* _What you have to do_: Could you repeat every line below exactly, skipping the images?

* _Dataset content_:
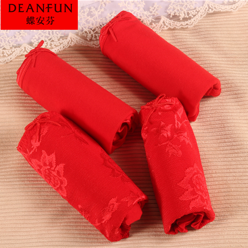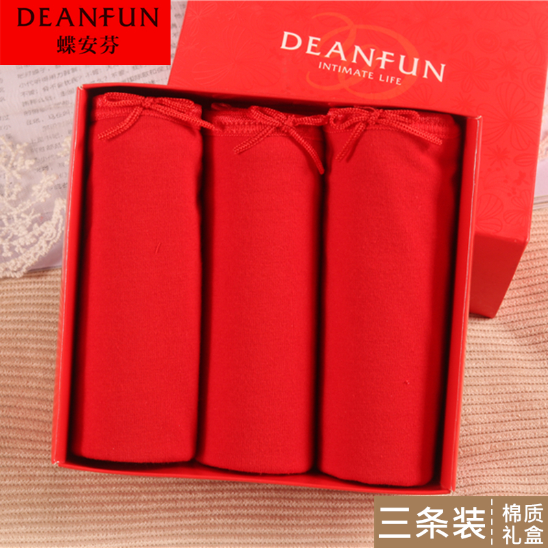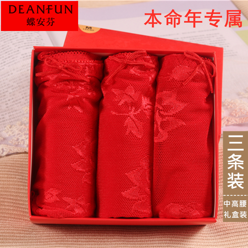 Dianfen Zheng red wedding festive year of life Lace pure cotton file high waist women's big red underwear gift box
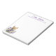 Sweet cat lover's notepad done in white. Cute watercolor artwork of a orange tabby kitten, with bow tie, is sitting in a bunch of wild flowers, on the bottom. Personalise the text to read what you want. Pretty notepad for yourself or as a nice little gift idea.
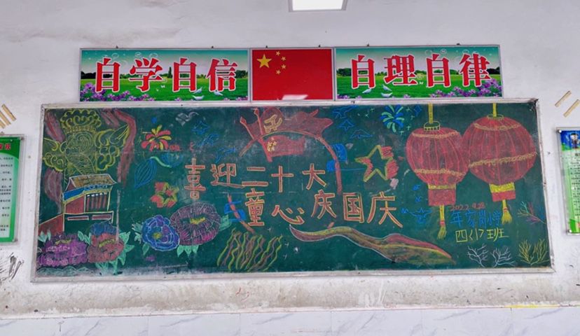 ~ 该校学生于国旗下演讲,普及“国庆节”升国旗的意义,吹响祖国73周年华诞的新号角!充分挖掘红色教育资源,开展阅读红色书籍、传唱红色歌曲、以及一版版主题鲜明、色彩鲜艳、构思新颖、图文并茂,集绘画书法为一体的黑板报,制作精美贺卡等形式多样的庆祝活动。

* _Task answer_:
 Dianfen Zheng red wedding festive year of life Lace pure cotton file high waist women's big red underwear gift box
 Sweet cat lover's notepad done in white. Cute watercolor artwork of a orange tabby kitten, with bow tie, is sitting in a bunch of wild flowers, on the bottom. Personalise the text to read what you want. Pretty notepad for yourself or as a nice little gift idea.
 ~ 该校学生于国旗下演讲,普及“国庆节”升国旗的意义,吹响祖国73周年华诞的新号角!充分挖掘红色教育资源,开展阅读红色书籍、传唱红色歌曲、以及一版版主题鲜明、色彩鲜艳、构思新颖、图文并茂,集绘画书法为一体的黑板报,制作精美贺卡等形式多样的庆祝活动。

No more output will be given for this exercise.